With Corn Pop Defeated, Biden Vows To Conquer Count Chocula

With Corn Pop Defeated, Biden Vows To Conquer Count Chocula

WASHINGTON, DC –In a rousing speech, fictional President, Joe Biden reminded the nation it was he who toppled Corn Pop. Then the highest ranking dementia patient raised the stakes.

“As Presidufratua, I GUARANTEE my administration will finally get Count Chocula too!” Biden yelled into the microphone causing all nine people to erupt in applause.

“It’s been said many times, but it’s true, Count Chocula is our modern-day Osama Bin Laden,” Biden whispered in a serious tone.

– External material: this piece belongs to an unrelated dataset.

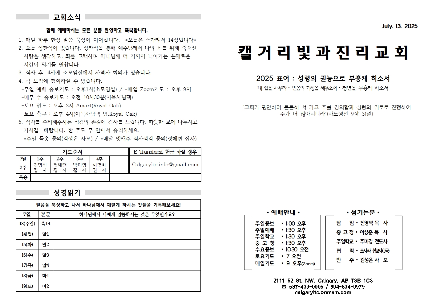 2025년 7월 13일 주일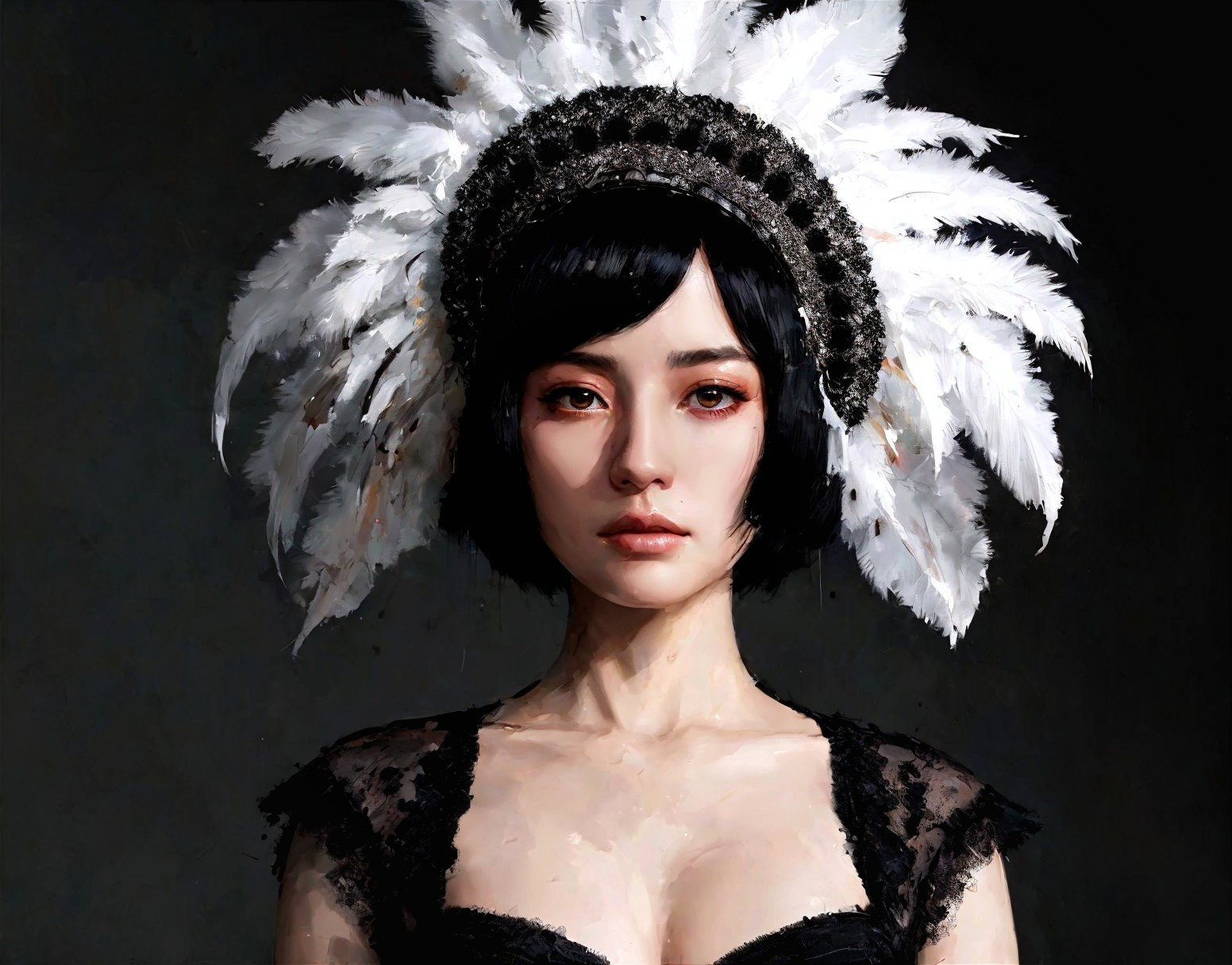 "Try it" from Enigmatic Beauty in Feathers https://deepdreamgenerator.com/ddream/crqaxp8xdp9 - A painting of a woman with a feathered headpiece and dark attire, featuring expressive eyes and a detailed, textured style.

At that time, an audience member loudly reminded Biden that he was against the raid that finally captured Bin Laden.

“Yeah, but I’d definitely get this chocolate bastard,” Biden replied. “The huge quantities of sugar he’s inflicted upon our nation’s youth. Are you kidding me? You just give me the chance, and WHAMMOOO!!” he yelled as he tried miming a violent air punch but inadvertently made contact with a small child.

UPDATE: The child was treated at the scene, and her parents were quick to forgive Biden. “When you understand the usual way he interacts with children, we’ll take a punch to the face any day of the week,” the father commented.